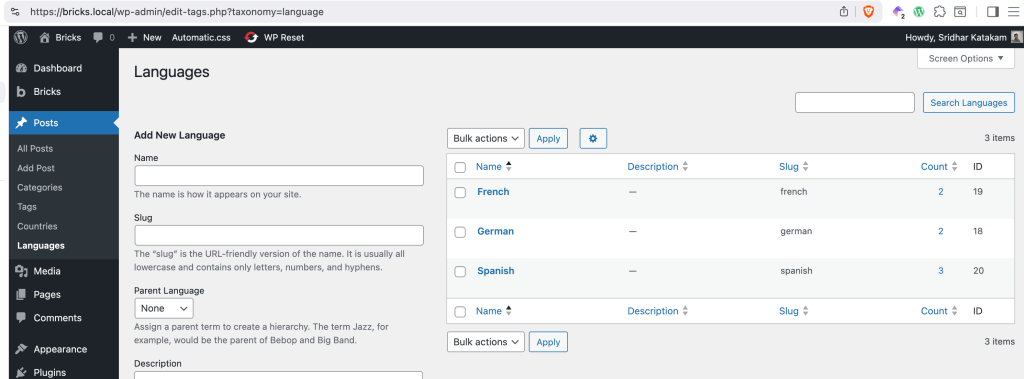 First, there's a Language taxonomy for posts (could be standard posts or a CPT posts) with these sample terms:
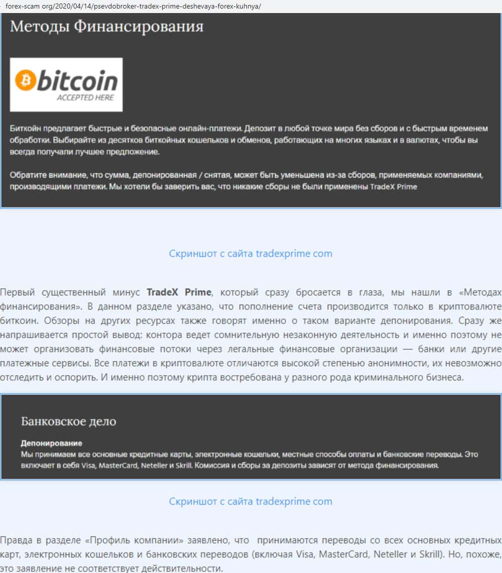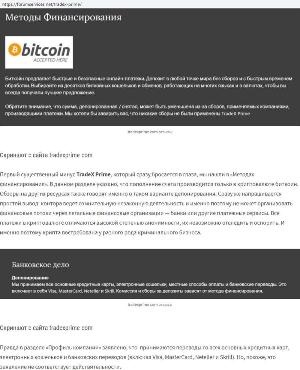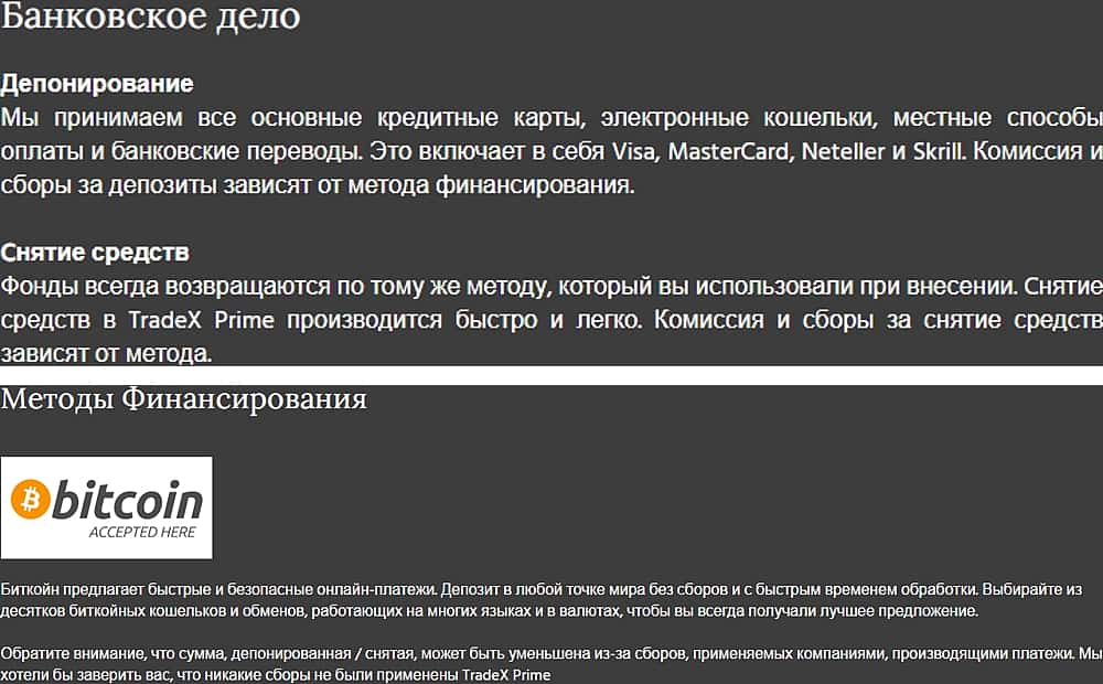 Лживую и противоречивую информацию на подвальном ресурсе TradeXPrime можно встретить практически везде. Например, аферисты TradeXPrime утверждают, что имеют множество вариантов для приема и вывода платежей. На деле же лохотрон TradeXPrime заточен только для приема депозитов через анонимную криптовалюту Биткоин.
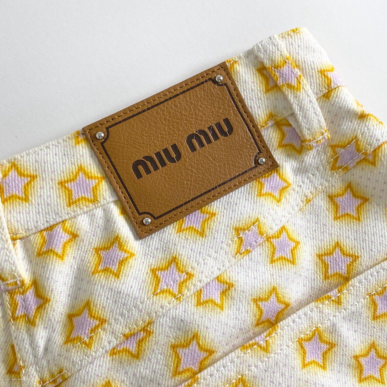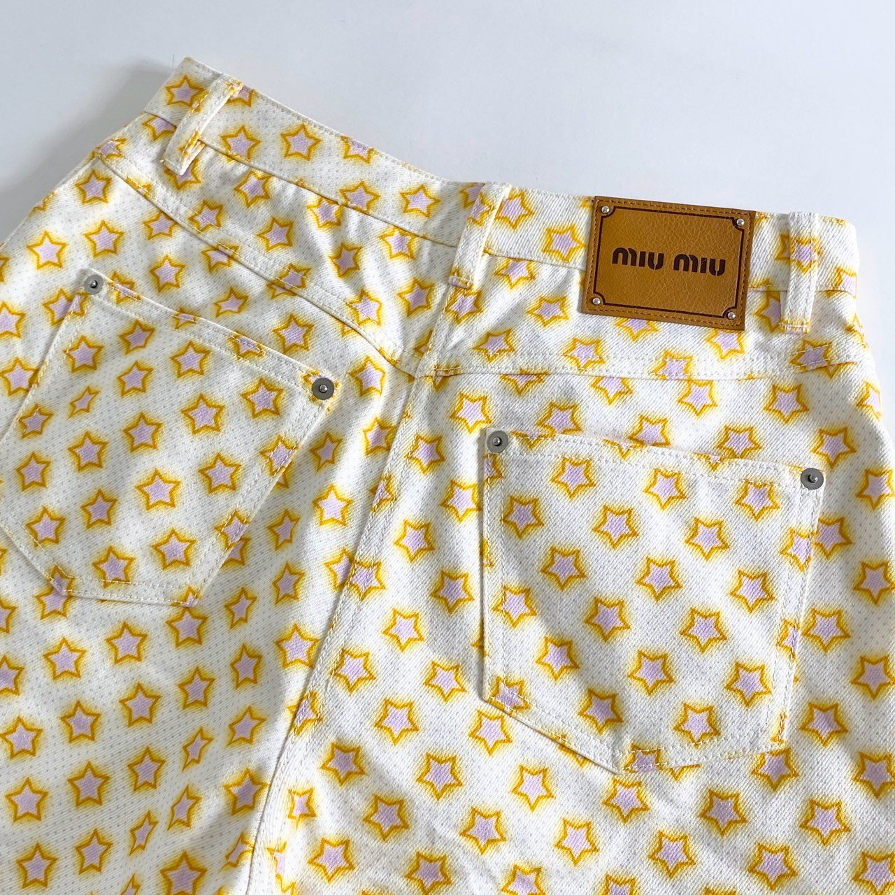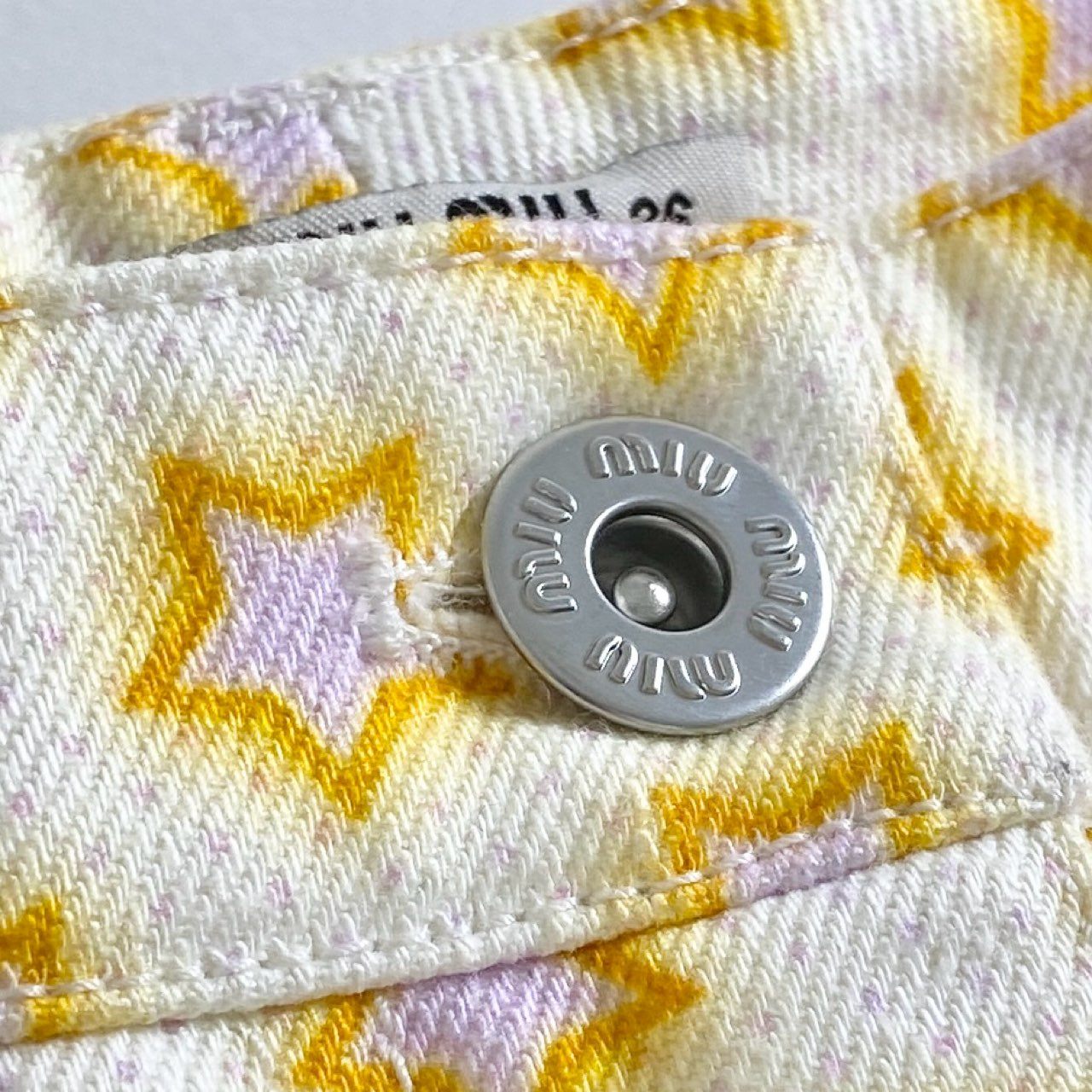 3b26 《美品》 イタリア製 miumiu ミュウミュウ ショートパンツ 36 イエロー系 星柄 スター ドット コットンパンツ ボトムス レディース

[What you have to do] Could you return the entire listing above verbatim while dropping each picture?

[Answer below]
 First, there's a Language taxonomy for posts (could be standard posts or a CPT posts) with these sample terms:
 Лживую и противоречивую информацию на подвальном ресурсе TradeXPrime можно встретить практически везде. Например, аферисты TradeXPrime утверждают, что имеют множество вариантов для приема и вывода платежей. На деле же лохотрон TradeXPrime заточен только для приема депозитов через анонимную криптовалюту Биткоин.
 3b26 《美品》 イタリア製 miumiu ミュウミュウ ショートパンツ 36 イエロー系 星柄 スター ドット コットンパンツ ボトムス レディース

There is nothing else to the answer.